Uterus: appearance and function


        UTERUS: APPEARANCE AND FUNCTION
Some of the mechanisms of heavy, uncontrolled bleeding are not understood. Gaining insights into this phenomenon is obviously vital if improved ways to alleviate it are ever to be developed. A small protein called endothelin, discovered in the late 1980s, has been found to cause constriction of blood vessels in many parts of the body, and may be responsible for eventually ending any episode of blood loss. Recent research has revealed high levels of this protein in the endometrium around die time that the menstrual bleed comes to an end.
While this research has been going on, the uterus has attracted increasing attention at a more general level. It has long been regarded by many people as a safe haven for a developing baby during pregnancy, but an unqualified nuisance thereafter. A 1987 editorial in the prestigious British medical journal Lancet expressed this view when it said:
for the woman who is not interested in having children, or whose family is complete, this solution [hysterectomy] is often attractive ... [it promises] relief from her symptoms and other expected benefits — greater reliability at work, availability at all times for sexual intercourse, saving on sanitary protection, freedom from pregnancy and freedom from uterine cancer.
Today, views such as this are being scrutinised due to a growing body of evidence which suggests that the uterus and cervix play an important part in sexual satisfaction for some women and men. For perhaps as many as one in three women, contractions of the uterus contribute significantly to their experience of orgasm. As noted earlier, in pre-menopausal women the cervix also produces lubricative mucus for some days each menstrual cycle. This mucus, which is apparent in the days before ovulation, may be associated with increased interest in sex and less friction during intercourse. In addition, some men and women find that the tapping of the penis on the cervix during intercourse contributes to the pleasurable sensations they experience.
The uterus also seems to have psychological importance for some women, being associated with self-images of femininity and sexual attractiveness. This may be especially relevant in cultures where women's reproductive functions are highly valued. There is also a perception among some women that their partners treat them differently (find them less sexually attractive) after hysterectomy, suggesting that some men's notions of womanhood are closely allied to the presence of the uterus.
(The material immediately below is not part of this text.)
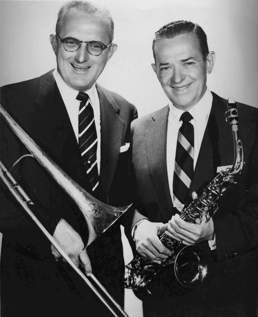 Photo of bandleaders Tommy (left) and Jimmy Dorsey. The two brothers originally led the Dorsey band together, but had a serious falling-out in 1935. Tommy walked out after an on-stage argument between them, with Tommy forming his own band. The brothers reunited in 1945 and consolidated their bands in 1953 to become the Dorsey Brothers Orchestra. Tommy Dorsey died in 1956 and Jimmy died in 1957. The item has no copyright markings on it as can be seen in the links above.

It is still the case — and this is controversial — that many surgeons remove both ovaries along with the uterus during hysterectomy procedures when there is no apparent ovarian disease or disorder. What's more, some women believe that they have not been consulted about this in advance. The reason typically given is prevention of ovarian cancer, which affects about one in seventy women, mostly over the age of sixty. Ovarian cancer is diagnosed in about 900 Australian women each year and about 550 die from it. The symptoms of pain, bleeding and swelling are usually not obvious until the disease has progressed to an advanced stage.
It is hoped that research findings indicating a role for the ovaries in women's long-term health will cause a reappraisal of this practice, especially as the risk for developing ovarian cancer in retained ovaries after hysterectomy is only about two in every 1000 women. The available evidence indicates that even post-menopausal ovaries make sex hormones. These may be of value to women's health, particularly in helping maintain sexual interest and responsiveness, and bone strength. However the clinical evidence is inconclusive. It is clear that the long-term effect of removing the ovaries along with the uterus in the pre-menopausal years is to increase a woman's risk of heart disease — perhaps to three times that of non-hysterectomised women. Furthermore, other research suggests that removal of both ovaries and the uterus increases the risk of osteoporosis, with increased loss of bone density and a higher incidence of fractures.